===== Source material
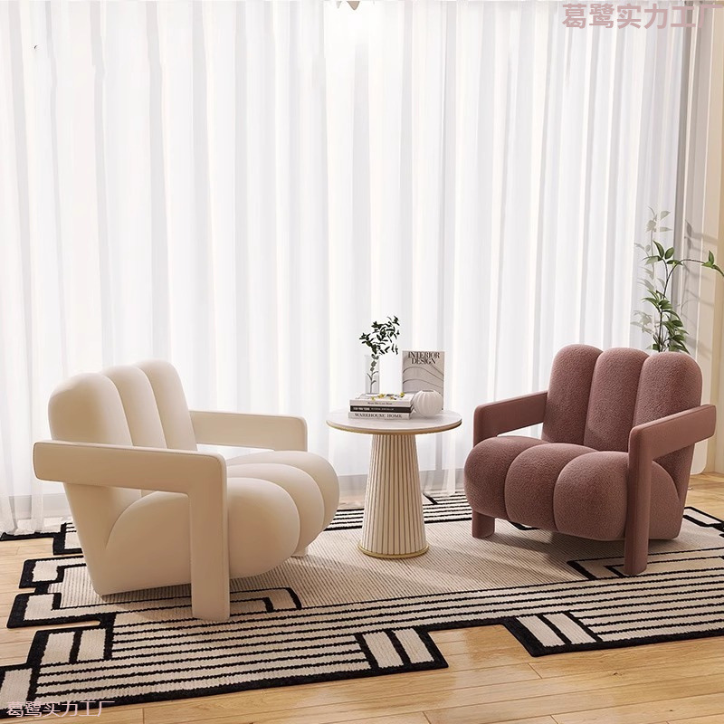 Ins風カフェカジュアルシングルソファーベランダ小茶卓怠け者客間クリーム風民宿部屋テーブル椅子
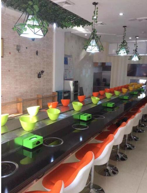 回轉(zhuǎn)火鍋徹底改變中國傳統(tǒng)火鍋的經(jīng)營模式,通過回轉(zhuǎn)機(jī)械傳送菜品,免去點(diǎn)單、傳菜環(huán)節(jié),在這種新穎、獨(dú)特、極具創(chuàng)意的模式下,即節(jié)約了單店運(yùn)營的人力成本,
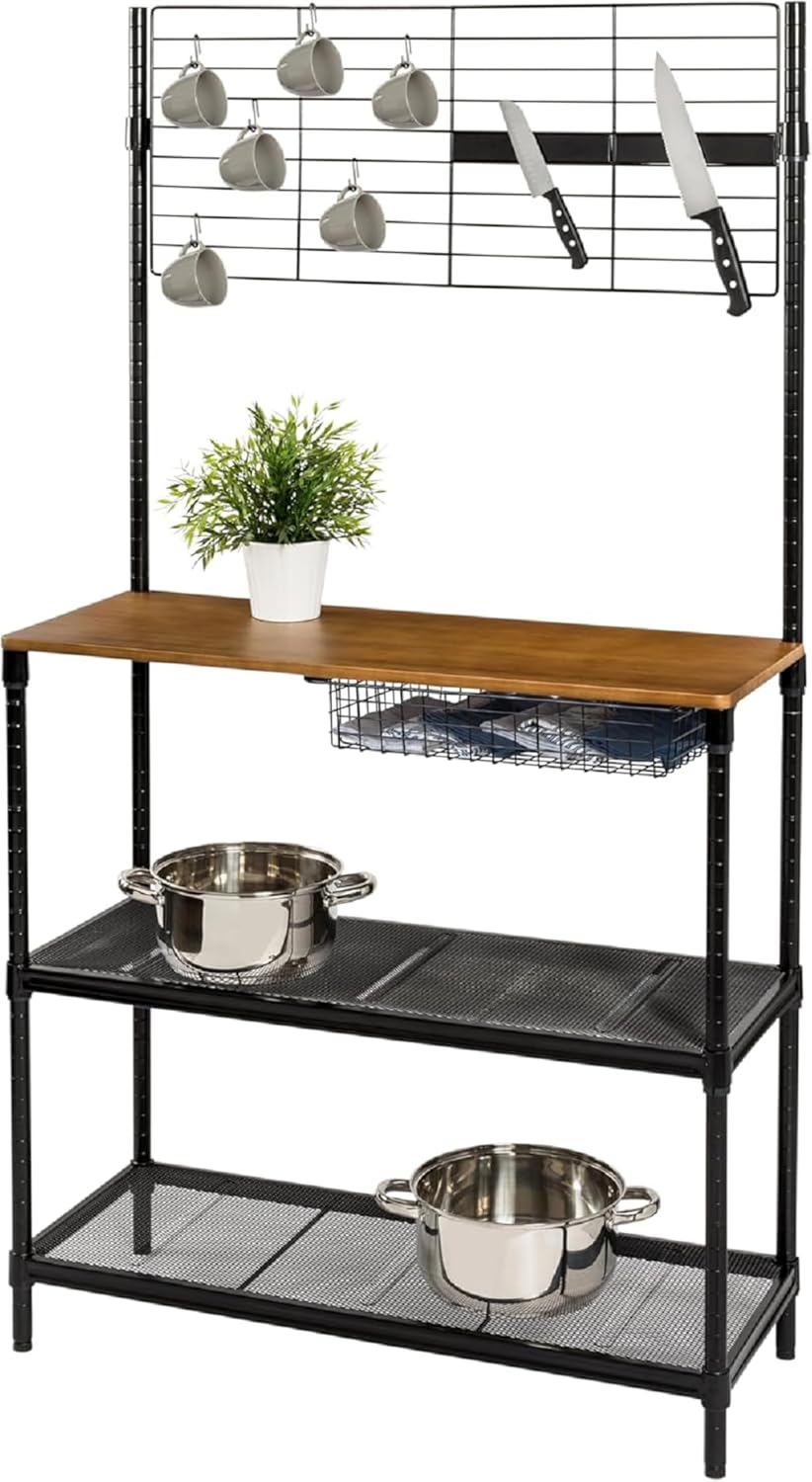 Surface is solid wood in updated finish and doubles as cutting board Wire grid for additional storage space - great to hang recipes or utensils Magnetic knife plate for safe storage Pull-out basket for easy-access items Features 2 adjustable mesh shelves for additional storage Made of sturdy matte black steel Dimensions: 35.5”W x 65”H x 14"D You have a limited number of kitchen cabinets and shelves, so this bakers rack comes in handy as a jack of all trades and its look adds to your kitchen design. Use the tabletop as a cutting board and hang everything from reminders to kitchen tools to keep them within reach. Its pull-out basket is perfect for kitchen tools and its durable steel frame will have this bakers rack keeping you company in your kitchen for years to come. Surface is solid wood in updated finish and doubles as cutting board Wire grid for additional storage space - great to hang recipes or utensils Magnetic knife plate for safe storage Pull-out basket for easy-access items Features 2 adjustable mesh shelves for additional storage Made of sturdy matte black steel Dimensions: 35.5”W x 65”H x 14"D You have a limited number of kitchen cabinets and shelves, so this bakers rack comes in handy as a jack of all trades and its look adds to your kitchen design. Use the tabletop as a cutting board and hang everything from reminders to kitchen tools to keep them within reach. Its pull-out basket is perfect for kitchen tools and its durable steel frame will have this bakers rack keeping you company in your kitchen for years to come.
==========
**Task requirements**.
The lines to write out run from the one containing "回轉(zhuǎn)火鍋徹底改" through the final line of the material above, both included; write them out exactly, with no pictures.

**Worked solution**.
 回轉(zhuǎn)火鍋徹底改變中國傳統(tǒng)火鍋的經(jīng)營模式,通過回轉(zhuǎn)機(jī)械傳送菜品,免去點(diǎn)單、傳菜環(huán)節(jié),在這種新穎、獨(dú)特、極具創(chuàng)意的模式下,即節(jié)約了單店運(yùn)營的人力成本,
 Surface is solid wood in updated finish and doubles as cutting board Wire grid for additional storage space - great to hang recipes or utensils Magnetic knife plate for safe storage Pull-out basket for easy-access items Features 2 adjustable mesh shelves for additional storage Made of sturdy matte black steel Dimensions: 35.5”W x 65”H x 14"D You have a limited number of kitchen cabinets and shelves, so this bakers rack comes in handy as a jack of all trades and its look adds to your kitchen design. Use the tabletop as a cutting board and hang everything from reminders to kitchen tools to keep them within reach. Its pull-out basket is perfect for kitchen tools and its durable steel frame will have this bakers rack keeping you company in your kitchen for years to come. Surface is solid wood in updated finish and doubles as cutting board Wire grid for additional storage space - great to hang recipes or utensils Magnetic knife plate for safe storage Pull-out basket for easy-access items Features 2 adjustable mesh shelves for additional storage Made of sturdy matte black steel Dimensions: 35.5”W x 65”H x 14"D You have a limited number of kitchen cabinets and shelves, so this bakers rack comes in handy as a jack of all trades and its look adds to your kitchen design. Use the tabletop as a cutting board and hang everything from reminders to kitchen tools to keep them within reach. Its pull-out basket is perfect for kitchen tools and its durable steel frame will have this bakers rack keeping you company in your kitchen for years to come.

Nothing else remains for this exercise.